September 1, 2011

A New Textile: "Red Bars"

Red Bars, hand dyed wool on linen; 4 pieces, each 6 x 6 inches.


My idea for this quartet came from a photo I took this summer for my painting; a thick bar alongside a curved hose:



I liked the idea of the wide flat form interacting with a narrow curve, so I did a few thumbnails. At first I thought of using strong colors similar to the ones in the photo, but then decided to be a little silly and go with pink as the background color.

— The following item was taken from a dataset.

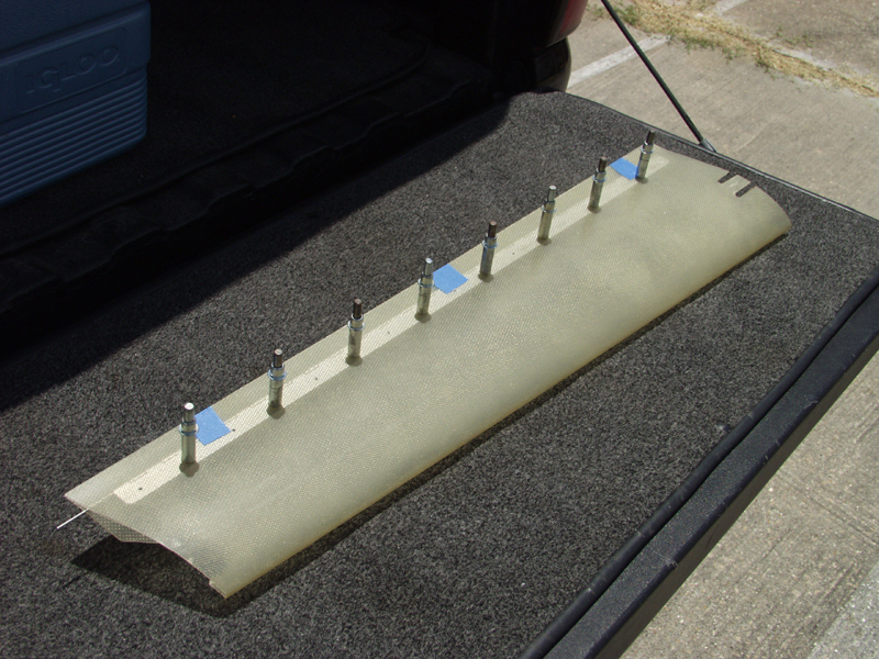 Ok last week I finished the landing light on the right wing which completed the wings except for the wingtips. I will do those when the wings are on later with the help of Jim K! Today was HOT. 99 in the hangar with fans on and back door open.

I chose to make the piece of multiple panels in order to have a rhythm move from one to the next: a flowing line, a staccato bounce of dark shapes. The color of the rectangles was a little difficult: Red Bars started out as Blue Bars, but after I hooked one panel I realized that blue didn't work at all; it look saccharine sweet. So I looked through my piles of dyed fabric remnants to find another color and the grayed red looked perfect to me.




Another decision was how to make the curving line: should it be a color, or something more subtle? I liked the idea of the line being less insistent, hardly there, so...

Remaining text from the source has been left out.